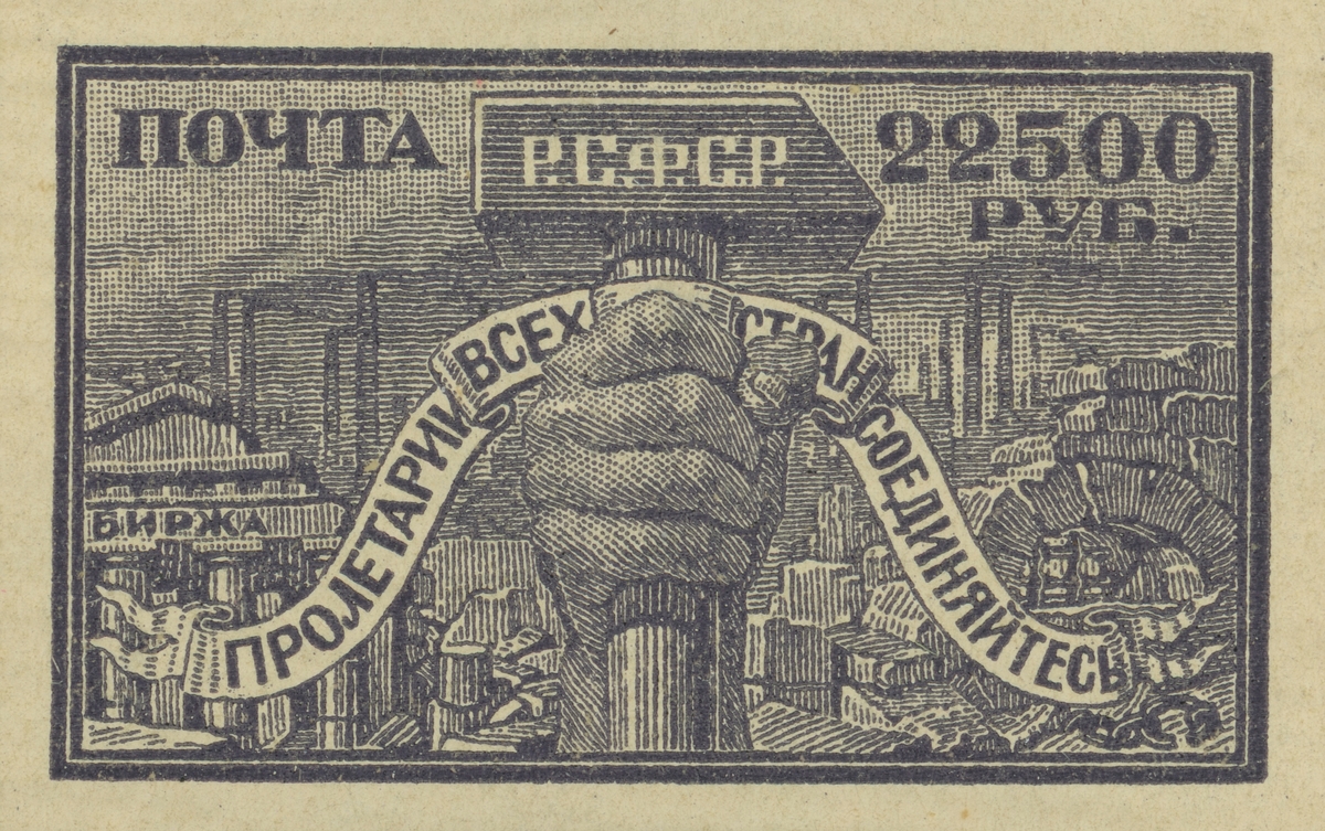 Frimärke ur Gösta Bodmans filatelistiska motivsamling, påbörjad 1950. Frimärke från Ryssland, 1922. Motiv av "Hand med hammare. Fabriksverkstäder Symbol för kommunismen"
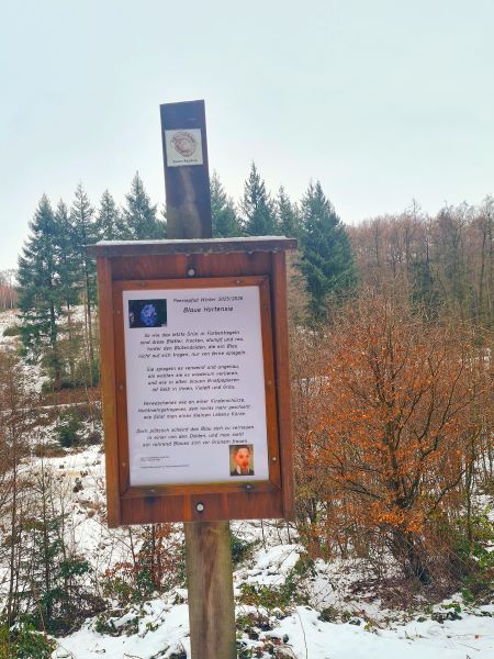 Auch sonst ist für Abwechslung gesorgt. Wir sind auf dem Poesiepfad – alle paar hundert Meter können wir uns von einem Gedicht inspirieren lassen. Die Lyrik wird viermal im Jahr neu kuratiert, lernen wir. Derzeit gibt es Rilke und Paula Modersohn-Becker. Hier die Ode an die blaue Hortensie. Dazu ein Hauch von Sonne und eine Ahnung von blauem Himmel.
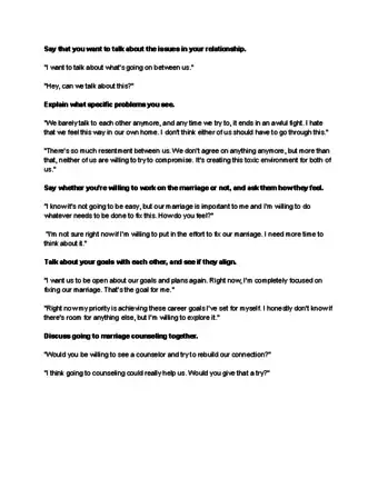 - If you’re willing to try to work things out, you might say, “We both have a lot of work to do, but I’m willing to put forth the effort. Will you consider seeing a counselor and trying to rebuild our connection?”
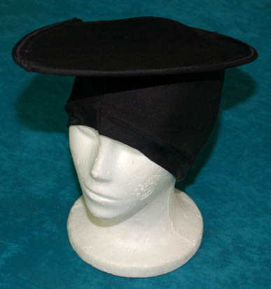 Description: A costume featured in the Star Trek: The Next Generation episode “The Child”, wherein “Counselor Deanna Troi” (Marina Sirtis)is mysteriously impregnated by an unknown alien entity that is born and matures at a fantastic rate. This costume is for wear by veteran actress Whoopi Goldberg in the role of the El-Aiurian bartender whose race was scattered to the four corners of the galaxy by the Borg, “Guinan”, and is a long-sleeved, dark green shirt featuring thin horizontal stripes, two sewn in collars, extra-long rear shirt tail, slight fading on the shoulders due to time and storage, and corresponding trousers, zip cuff adjustment around the ankles, and a black, roughly oval-shaped hat made of a spandex-type material. The costumer's tag reads ‘TNG 127 The Child (Season 2), Guinan, Whoopi Goldberg’.
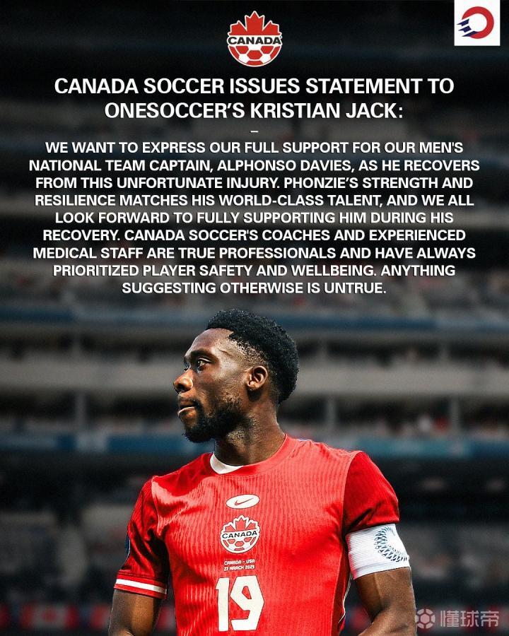 针对这一伤病,加拿大国家队官方也通过One Soccer媒体发布了声援公告,表达了对队长阿方索-戴维斯的支持和鼓励。他们强调了球员在伤病中的恢复过程中所需的全力支持,表示将为戴维斯提供专业的医疗团队和经验丰富的教练,确保他能够顺利恢复健康。
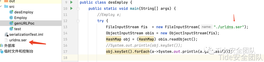 使用之前实验用的desEmploy.java反序列化urldns.ser,dnslog收到请求。
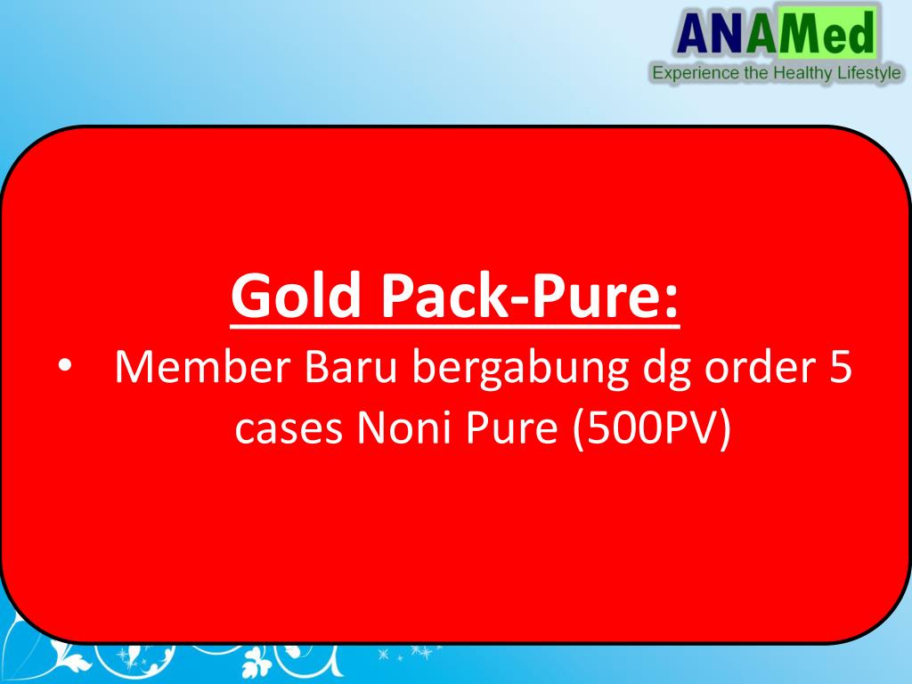 Gold Pack-Pure: • Member Baru bergabung dg order 5 cases Noni Pure (500PV)
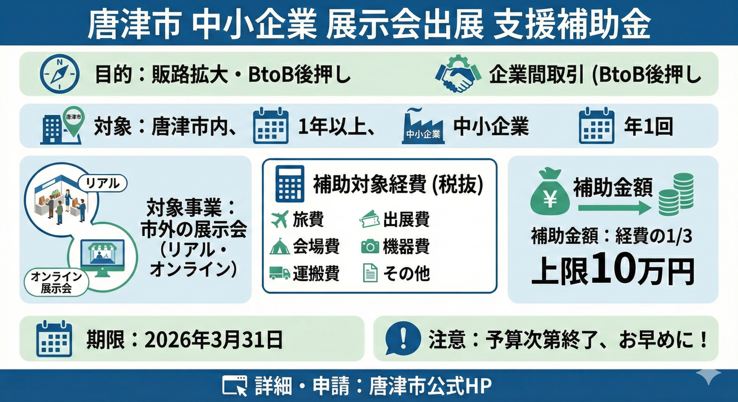 唐津市では、市内の中小企業が自社商品の販路拡大や魅力発信を進めるため、市外で開催される展示会への出展費用を支援する補助金制度を実施しています。本記事では、制度の内容や対象者、補助金額について、初めての方にもわかりやすく解説します。

> **What you will do**: Whatever lies between the first line of the data and the line holding "Auch sonst ist", inclusive, should be repeated exactly, apart from the pictures.

> **Response area**:
 Frimärke ur Gösta Bodmans filatelistiska motivsamling, påbörjad 1950. Frimärke från Ryssland, 1922. Motiv av "Hand med hammare. Fabriksverkstäder Symbol för kommunismen"
 Auch sonst ist für Abwechslung gesorgt. Wir sind auf dem Poesiepfad – alle paar hundert Meter können wir uns von einem Gedicht inspirieren lassen. Die Lyrik wird viermal im Jahr neu kuratiert, lernen wir. Derzeit gibt es Rilke und Paula Modersohn-Becker. Hier die Ode an die blaue Hortensie. Dazu ein Hauch von Sonne und eine Ahnung von blauem Himmel.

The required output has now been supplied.